The Surest Sign of a Healthcare Attorney’s Strength: An LL.M. from Loyola University.

Nearly 1 in 3 attorneys at Chapman Law Group earned their Master of Law (LL.M.) in Health Law from Loyola University School of Law. In this video, they welcome Loyola Professor Kristin Finn to discuss the advantages their advanced law degrees make in their careers as healthcare lawyers.

Lawyers with Advanced Law Degrees Know How to Best Navigate Their Clients.

What makes our national health care lawyers leaders in healthcare fraud, healthcare compliance, civil litigation, and licensing/regulatory matters? Our edge is knowing the intricacies and nuances of health care law, and that comes from a specialized, advanced education.

We are proud that nearly 1 in every 3 healthcare attorneys at Chapman Law Group holds a Master of Law (LL.M.) in Health Law from Loyola University School of Law, the top school in the U.S. for health law studies. This puts us in a higher class for representing healthcare providers nationwide.

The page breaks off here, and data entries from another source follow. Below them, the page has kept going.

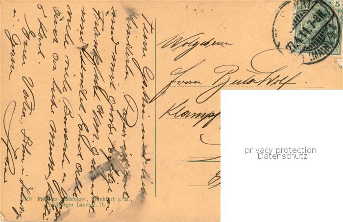 73779487 alte Postkarte Frankfurt Main Schuetzenbrunnen Statue postalisch gelaufen Erhaltung siehe scans [FriedD77] KatCode: 11110006412000
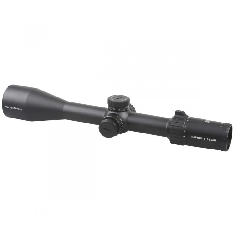 Vector Optics Taurus 4-24x50 FFP — premium-прицел с 6-кратным зумом, FFP сеткой и светосильной оптикой. Предназначен для высокоточной дневной стрельбы на средних и дальних дистанциях из огнестрельного оружия, PCP и CO2 пневматики. Подходит как для охоты, так и для стрельбы по мишеням.
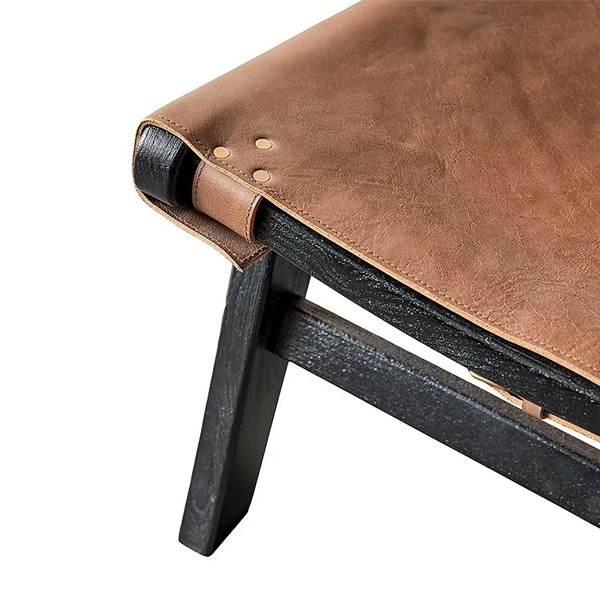Philosophy is made with beautiful, high quality leather and attached to the frame with beautiful detailing that makes the lounger interesting to look at, even when standing with its back to you.
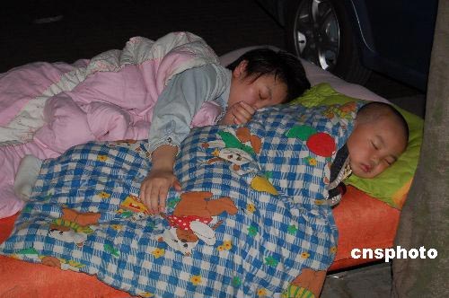 5月20日凌晨,四川成都眾多市民紛紛露宿街頭防止余震傷害。四川省地震局19日晚發(fā)出公告稱,汶川余震活動水平為6—7級左右,5月19日至20日汶川地震區(qū)附近余震發(fā)生的可能性較大。中新社發(fā) 劉萬強(qiáng) 攝
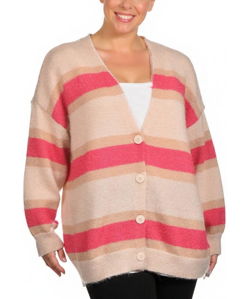 Дамска жилетка с широк силует, V-образно деколте и големи копчета. Мека, пухкава плетка с хоризонтални райета в прасковено, бежово и коралово. Удобна, топла и стилна за ежедневието. перфектна за вечерни
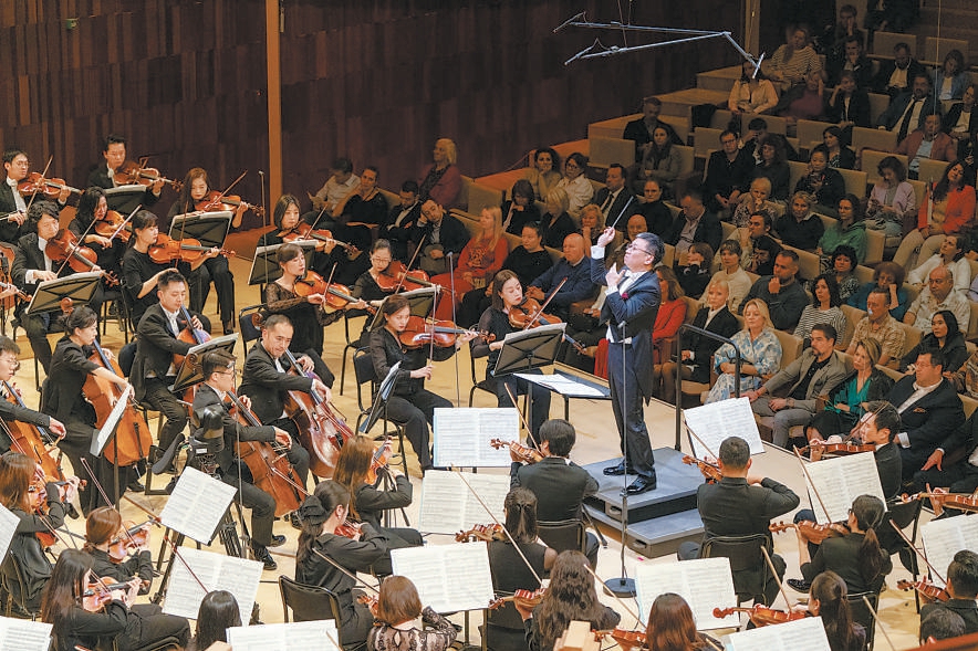 李心草执棒国家大剧院管弦乐团,登台莫斯科扎里亚季耶音乐厅。牛小北摄
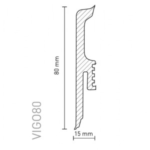 Arbiton Vigo 80 - гібридний плінтус із гумовими ущільнювачами. До плінтуса зверху і знизу кріпиться гумовий елемент, який плавно прилягає до стіни. Плінтус виготовлений з еластичного матеріалу, що дає змогу встановлювати його навіть на криволінійних стінах. Водонепроникний і захищений від УФ-випромінювання. Поверхня матова.
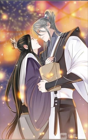 Illuminated by the faint light from the corner under the tower's roof, Yan Heqing's embrace around Xiao Yu'an's waist tightened. In the spur of the moment, he bent over and kissed Xiao Yu'an on the lips. The fragrance of the lingering liquor filled the air, and the bustling world faded away.
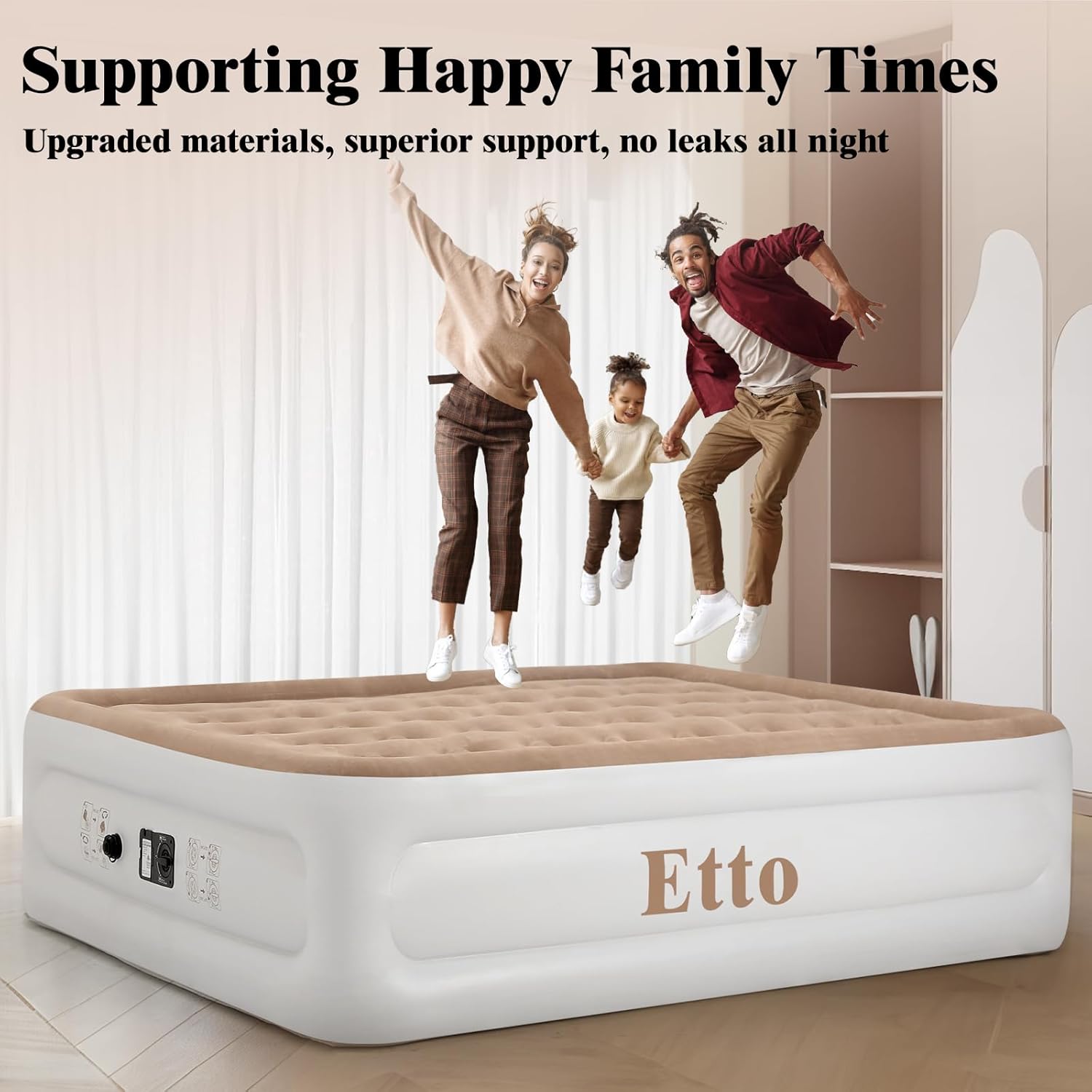 Sleep Tight & No Leaks: Crafted from thickened PVC, the Etto inflatable air mattress offers superior puncture resistance and long-lasting durability. Designed to stay fully inflated all night, it ensures no air leakage for uninterrupted comfort. The non-slip bottom adds extra stability, providing a secure and restful sleep experience

“Unless you have an LL.M.,” says Ronald W. Chapman Sr., Chapman Law Group’s founding shareholder, president and CEO, and a Loyola grad (2016), “you really don’t know healthcare law. You know maybe a small section of it, but you don’t have the breadth of it. You can analyze the Anti-Kickback problem, but you won’t be able to see some other problem, whether it’s a Stark Law problem or whether their compliance program isn’t very good.”

With advanced legal degrees from Loyola, our attorneys use this knowledge in practical ways for our clients. We know to look beyond the surface of one problem to discover and help prevent another, and to give healthcare providers the quality service and zealous advocacy they need.

Why Is a Health Law Education from Loyola So Valuable?

As complex as the practice of medicine is, healthcare law is just as intricate. Being a health care law attorney means having a thorough and practical understanding of the regulatory, political, ethical, and economic aspects that go with the healthcare profession.

With healthcare being a highly regulated industry, there’s a lot at stake for a physician, pain management specialist, chiropractor, nurse practitioner, or other health care provider who runs afoul of the law, needs malpractice defense, wants to expand their practice, or is under federal investigation.

If this should happen to you, you will want attorneys who can understand and break down all of the criminal and regulatory/licensing consequences — and provide the best counsel to get you back to your career of helping patients.

Those are the health care compliance, health care fraud, health care-based criminal law, and malpractice/civil litigation lawyers who have earned their credentials from a highly regarded law institution: Loyola.

Professor Kristin Finn, executive director of the Beazley Institute for Health Law & Policy at Loyola, says healthcare law is “incredibly dynamic and it changes all the time.”

“Having tools [such as an LL.M.] to understand the landscape and how it all fits together is really beneficial and something you really can’t have if you haven’t studied health law in particular,” says Prof. Finn, who serves as the curriculum and career advisor for campus health law students.

As Lawyers Earn LL.M. Degrees, Loyola Earns National Prestige.

Why is Loyola’s Health Law LL.M. program the highest ranked at the university? And outside the campus walls, what prompted Law Street Media to put Loyola at No. 1 in health care law in its 2017 Specialty Rankings, and U.S News & World Report to rate Loyola’s health care law program as the country’s third best in its 2021 Specialties Ranking?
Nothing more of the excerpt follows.